Milling on Curved Surface

Hi
I have a Nomad 883 Pro and I’ve been machining and engraving on small aluminium stock of different shapes but mainly onto a flat surface, however I’d like to be able to use some curved stock without having to draw the stock first.
I have done it once or twice but I’ve had to obtain detailed measurements of the stock and then draw it in 3d in AutoCAD before adding an engraving to it, which as you can imagine is getting very complicated and time consuming and it doesn’t always work!!.
Am I missing a trick?

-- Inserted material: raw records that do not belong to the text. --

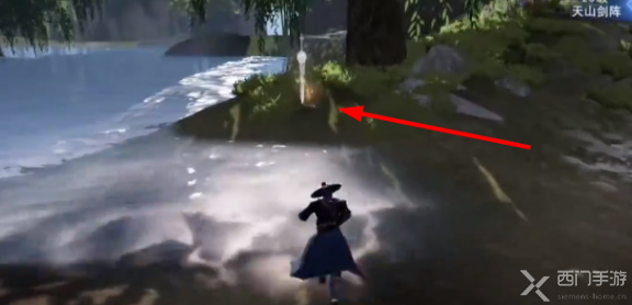 3、然后跟着任意指引走,在附近可以看到有一个剑的指引,过去看看,看完剧情回去;
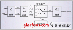 为设计高速双模数预分频器,目前业界已经开发出了可基于M/S触发器主输出和从输出之间90°的相位关系的新架构。该架构如图5所示。采用该架构,在24mW功耗和一个3V电源条件下,可以得到1.75GHz的输入频率,甚至还可以利用5V的电源得到2.5GHz的输入频率。
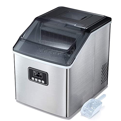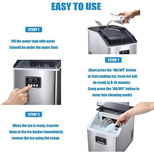 ★ [SMART DESIGN]: Immerhin wenige Tat erforderlich. Fügen Sie das Wasser hinzu, drücken Sie die Power und stimmen Sie die Eiswürfelgröße. Warten Sie einfach 6-8 Minuten und genießen Sie Ihre eisgekühlten Getränke. Automatische Wassermangelwarnung, Timer macht Überwachung überflüssig, Transparentes Sichtfenster.
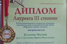 В субботу в Казани проходил международный конкурс, где участвовали наши ученики Кузьмин Матвей и Валиева Ляйля со Смолькиной Ириной Николаевной - результат радует - 2 первых места и 1 второе. Молодцы!!! Поздравляем!!!
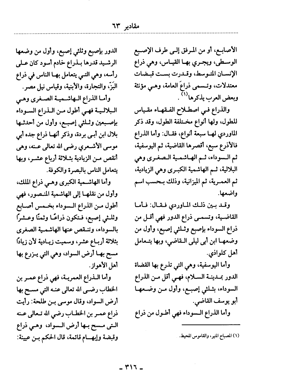 وَأَمَّا الْهَاشِمِيَّةُ الْكُبْرَى وَهِيَ ذِرَاعُ الْمَلِكِ، وَأَوَّل مَنْ نَقَلَهَا إِلَى الْهَاشِمِيَّةِ الْمَنْصُورُ، فَهِيَ أَطْوَل مِنَ الذِّرَاعِ السَّوْدَاءِ بِخَمْسِ أَصَابِعَ وَثُلُثَيْ إِصْبَعٍ، فَتَكُونُ ذِرَاعًا وَثُمُنًا وَعُشْرًا بِالسَّوْدَاءِ، وَتَنْقُصُ عَنْهَا الْهَاشِمِيَّةُ الصُّغْرَى بِثَلاَثَةِ أَرْبَاعِ عُشْرٍ، وَسُمِّيَتْ زِيَادِيَّةً لأَِنَّ زِيَادًا مَسَحَ بِهَا أَرْضَ السَّوَادِ، وَهِيَ الَّتِي يَزْرَعُ بِهَا أَهْل الأَْهْوَازِ.
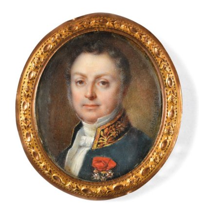 Aquarelle et gomme arabique sur trait de crayon sur ivoire (ovale) 7,5 x 6 cm
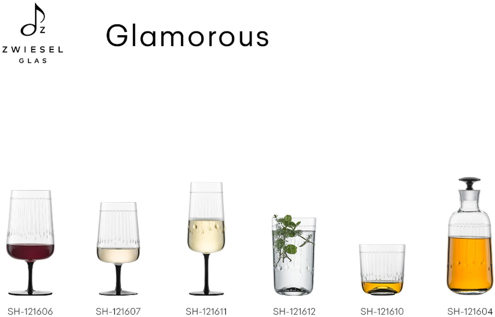 Mistrzowskie wykonanie, charakterystyczne żłobienie i piękne połączenie koloru czarnej nóżki i kryształowego szkła sprawia, że ta ręcznie wykonana kolekcja jest idealnym wyborem na specjalne okazje. Swym charakterem nawiązuje do lat 20. XX wieku i designu Art Déco.
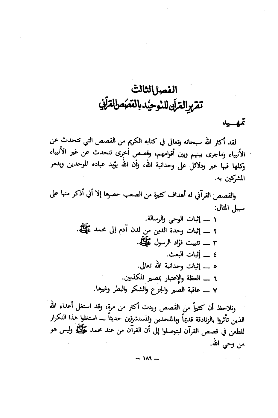 الفصل الثالث: تقرير القرآن للتوحيد بالقصص القرآني
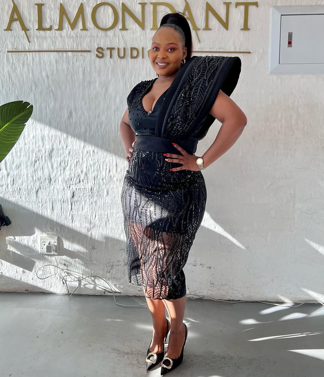 @deniseallams knows the power of a curve-hugging silhouette, and this sleek mermaid-style black dress proves it. The mesh cutouts give it a bold, contemporary twist while the golden heels add a flash of drama.
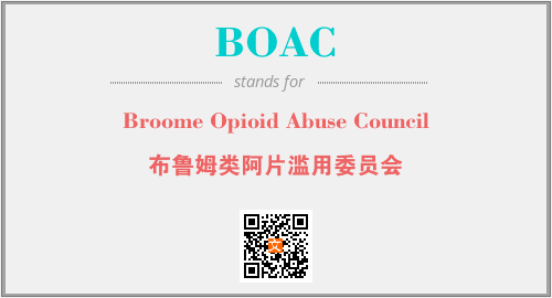 英文缩略词“BOAC”经常作为“Broome Opioid Abuse Council”的英文缩写来使用,中文表示:“布鲁姆类阿片滥用委员会”。本文将详细介绍英文缩写词BOAC所代表英文单词,其对应的中文拼音、详细解释以及在英语中的流行度。此外,还有关于缩略词BOAC的分类、应用领域及相关应用示例等。
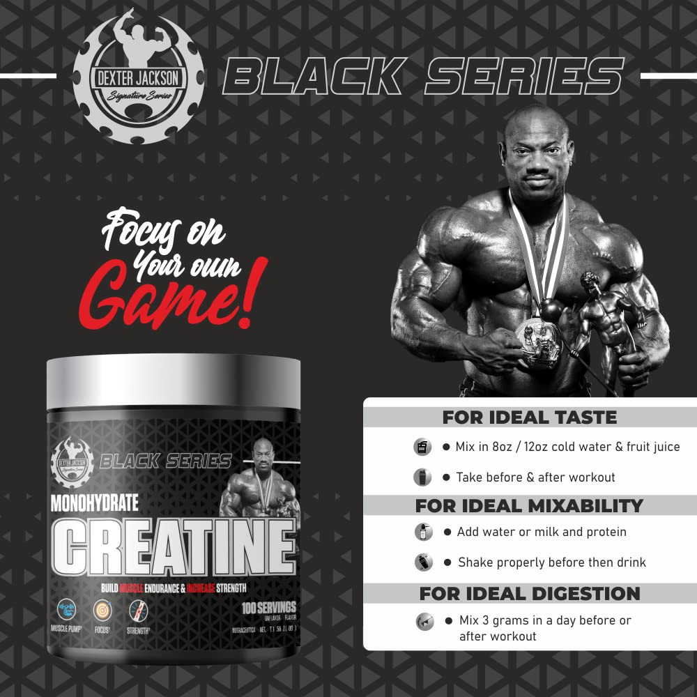 Unlock Peak Performance with Dexter Jackson Black Series Monohydrate Creatine Powder - 300g, 100 Servings. Elevate Your Workouts and Achieve Your Fitness Goals with the Purest Creatine Formula. Boost Strength, Endurance, and Muscle Growth Naturally. Order Now for Enhanced Athletic Performance and Unrivaled Result

Is there a much easier way to achieve this or is there some software or maybe scanning software which will save me having to draw the original stock?

You want:

  • a touch probe
  • software which will probe the surface

Links to a couple of different instructions for building the former at: http://www.shapeoko.com/wiki/index.php/Touch_Plate#Touch_probe — mostly oriented towards the Shapeoko, but designs should either be usable on the Nomad or adaptable.

For software, bCNC is supposed to have an auto-leveling function. Other options are listed at: http://www.shapeoko.com/wiki/index.php/CAM#Leveling — mostly oriented towards PCB manufacture, but the concept is the same.

You may also want to look into a 3D scanner — some files / notes / links at: http://www.shapeoko.com/wiki/index.php/CAD#3D_Scanning

Carbide 3D announced a touch plate/probe (hazy on the specifics, I don’t do product development) — not sure how it would relate / compare to the above. Might want to ask someone who knows.

Thanks Will - I will have a look into those.

Help, anyone?
I’ve found a digitising probe that is on eBay and have asked the manufacturer if he thinks it’s compatible with the Nomad 883 pro. His response was;

"Hello,

I’ve looked general description of this machine, photos, bit of spec. You should be able to use such sensor, at least I’ve seen this machine has built-in sensor for the length of the instrument. So, technically it should be possible.
Practically, I don’t have schematics or description of its connectors to see if there is spare input port which could be used for this probe or it can be connected to the same input with tool length sensor.
From other hand, I see that the code G43 is “Accepted but ignored” - so, it is not clear how they implemented tool length compensation.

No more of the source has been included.